# Green Canyon & Ship Shoal Report



## MakairaPullingLures (Nov 11, 2009)

happy to finally give you a first hand report, with thanks to the "tenacious" crew for letting me ride!!

fished green canyon and ship shoal out of port fourchon this past friday and saturday. went 1 for 1, tagging a rat blue that ate "lena" , and were 9 for 13 or so on wahoo, 7 that ate everything from "thunderhorse", "big brutus", "ursa", "lena", and "bullwinkle", and the other two eating a marlin magic and a zuker. 

chris and robert the night owl crew, proceeded to deep drop and catch 4 - yellowedge grouper, 1 - snowy grouper, then hit a reef on the way in and picked up an amberjack and the potential #3 state record marbled grouper (20#). 

check out the pics. by the way, i did not see any oil, hopefully they will open it up soon!!

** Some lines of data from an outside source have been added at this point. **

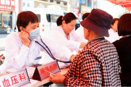 活动现场,医护人员们有条不紊地为前来就诊的群众提供免费血压测量、血糖检测、心肺听诊等基础检查活动,并针对心脑血管疾病、糖尿病、骨关节病等疾病进行健康指导。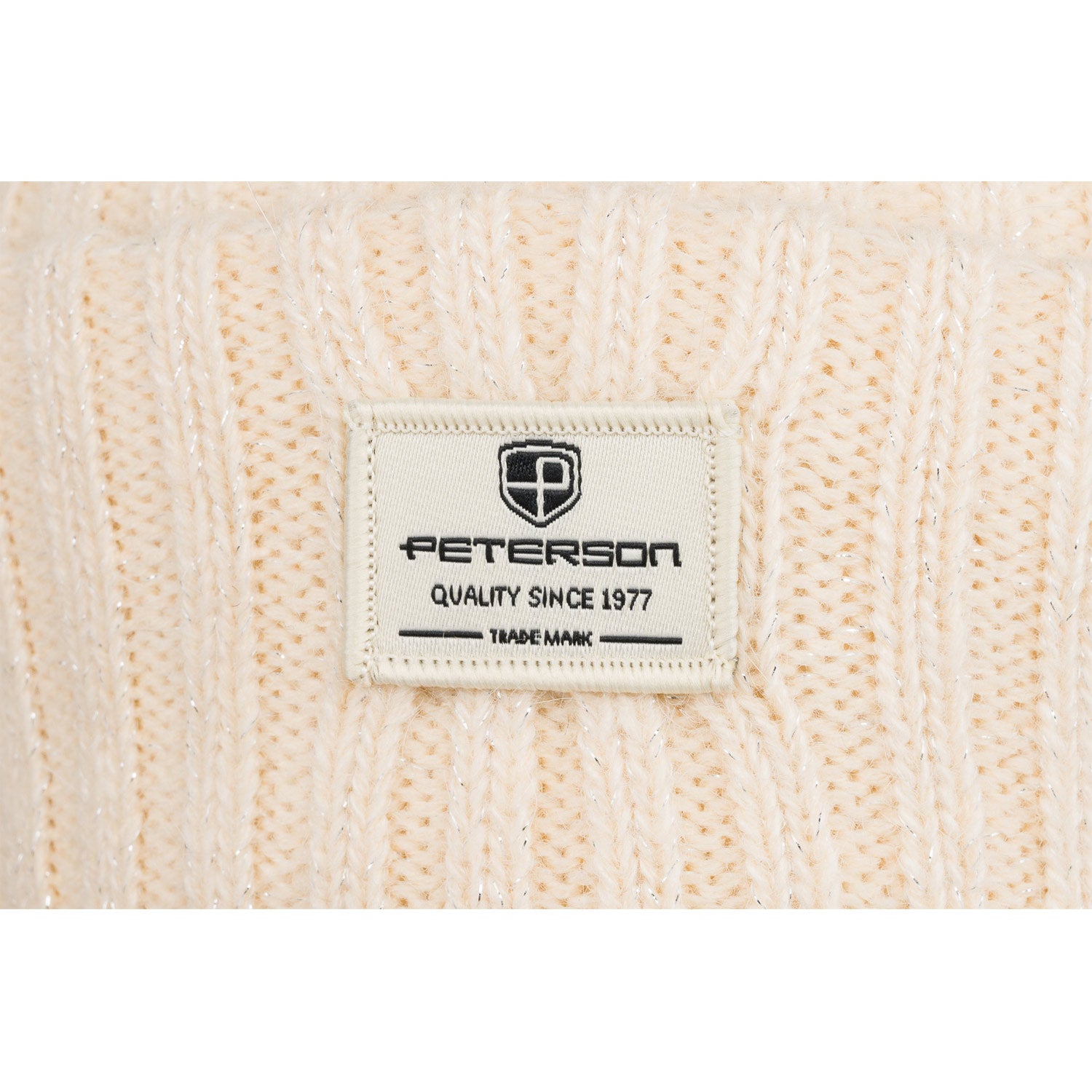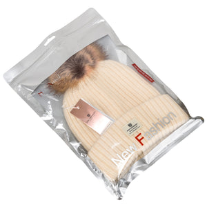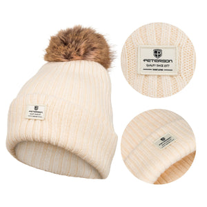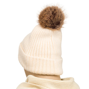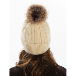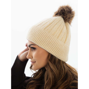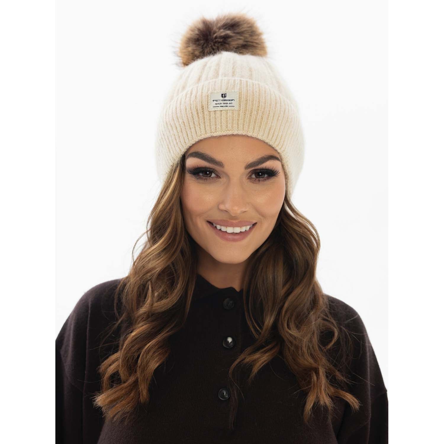 Sieviešu bēša ziemas cepure, kas izgatavota no angoras un akrila, ar noņemamu pompomu - silta un stilīga ikdienas pilsētvides stilam.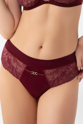 Biustonosz K956 w kolorze głębokiego bordo to wyrafinowana propozycja dla kobiet ceniących elegancję i wygodę. Miseczki typu full-cup wykonane zostały z misternie haftowanej koronki o geometrycznym wzorze, która pięknie kontrastuje z cielistym podszyciem, eksponując detale. Stabilna konstrukcja z fiszbinami oraz szerokie, wygodne ramiączka gwarantują doskonałe podtrzymanie nawet przy większym biuście. Złote kółeczka i satynowa kokardka z przodu dodają wyjątkowego charakteru. Idealny zarówno na co dzień, jak i na wyjątkowe okazje.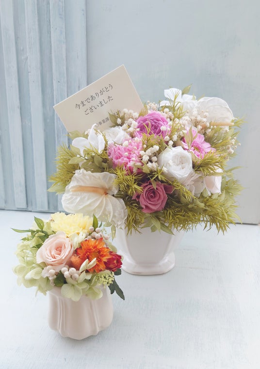 オフィスの受付装花や昇進祝い、退職記念などの贈り物にも最適です。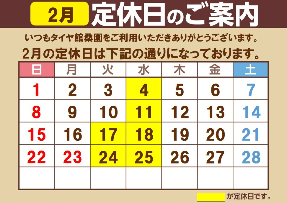 【お知らせ】2月の定休日のお知らせです❣ 2026年1月15日 いつもタイヤ館桑園店をご利用頂き 誠にありがとうございます! 2月の定休日のお知らせです! 2月は毎週水曜日と 17日(火)・24日(火)が 休業日でございます。 2月は例年冷え込みが厳しく、 積雪も増え、路面状況の悪化が見込まれます。 ナットの増し締めや空気圧点検も 定期的に実施しましょう! 皆様のご来店をお待ちしております♪

good luck and keep me posted.

catch 'em up - 

Justin Roper
Makaira Pulling Lures
www.makairapullinglures.com
225.768.8667


----------



## cobe killer (Apr 13, 2008)

dang!! nice variety. sure would like some grilled hoo for dinner. i'll be glad when we can get back on the troll for some hoo's and bills. good job!!!


----------